Scaled up, it is like tracking the distance between the tops of London's Shard skyscraper and New York's One World Trade Center, and noticing any changes down to just fractions of the width of a human hair.
"We use the laser interferometer to bounce light between the proof masses and the optical structure that we built in Glasgow," says Dr Harry Ward from Glasgow University, UK.
"We then read out the phase of the laser beams as we recombine them, and motion of the proof mass translates into phase changes in the light - essentially, the light gets brighter or dimmer."
While this precision performance is relatively routine in Earth labs, it is very exacting to try to demonstrate it in space.
But if Pathfinder can prove the technology, it will pave the way for an even bigger Esa mission in the 2030s that will aim to study gravitational waves.
These are a prediction of Einstein's Theory of General Relativity, and describe the rippling that occurs in the very fabric of space and time when masses accelerate, such as when stars explode.
The signal, though, is expected to be extremely subtle - hence the requirement for a super-sensitive laser interferometer like the one being trialled by Pathfinder.
And while efforts are under way right now to try to detect gravitational waves on the Earth, only an orbiting observatory would ever be able to identify the long-wavelength, low frequency signals that emanate from truly gargantuan events - like the coming together of the supermassive black holes in merging galaxies.
"Gravitational waves propagate, we believe, at the speed of light, and they carry with them knowledge about the event that caused them," explained Prof Mike Cruise from Birmingham University.
"If that's two black holes crashing into one another, we would often times be able to tell the spin of the black holes, their mass and how far apart they are; and many other details of the collision."
Scientists are particularly keen to study supermassive black holes because their creation and evolution seems to be tied inextricably to that of the galaxies that host them, and probing their properties would therefore reveal details about how the great structures we see on the sky took shape through cosmic history.
Pathfinder's cost to Esa is put at about 450m euros.

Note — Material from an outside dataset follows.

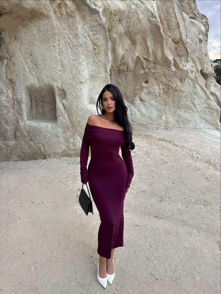 Kadın Uzun Kollu Madonna Yaka Midi Boy Elbise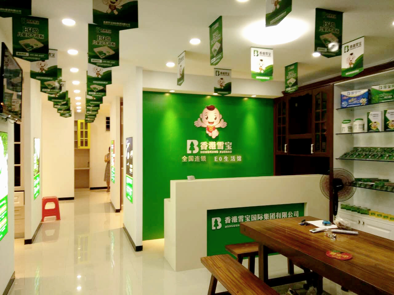 從進店看到雪寶小天使的背景墻到一窺各個展區(qū)的長走廊,明亮的燈光布置和隨處可見的品牌文化宣傳給人專業(yè)高效,品質優(yōu)秀的視覺印象。

However, this figure omits a lot of work funded in member states by national space agencies, and so the real price tag is much higher.
The project has experienced severe delay over the years (one previous schedule had it launching in 2008) and came seriously close to cancellation in 2007.
But such is the interest in gravitational waves that Esa member states have persisted with Pathfinder, and look certain to make the formal call for its follow-on mission at the end of next year. Only a launch failure or significant in-orbit under-performance from the demonstrator are likely to disrupt the momentum.
Prof Tim Sumner is an experimental astrophysicist at Imperial College London. He commented: "Since the mid-1990s, we've been studying the concept of using proof masses with laser interferometry between them.
"That has been developed to a stage of maturity where we think it is ready for flight in 2034. There are other technologies being developed, such as atom interferometry that are making great progress, but to adopt that right now for a mission in 2034 would be a bit of a gamble."
Lisa Pathfinder is particularly noteworthy from a British perspective, being the first Esa mission to be led industrially by the UK since the Giotto probe was sent to Halley's Comet in the 1980s. Engineers at Airbus Defence and Space in Stevenage assembled Pathfinder and have been at the Kourou spaceport for the past month and a half, getting it ready to ride on the Vega rocket.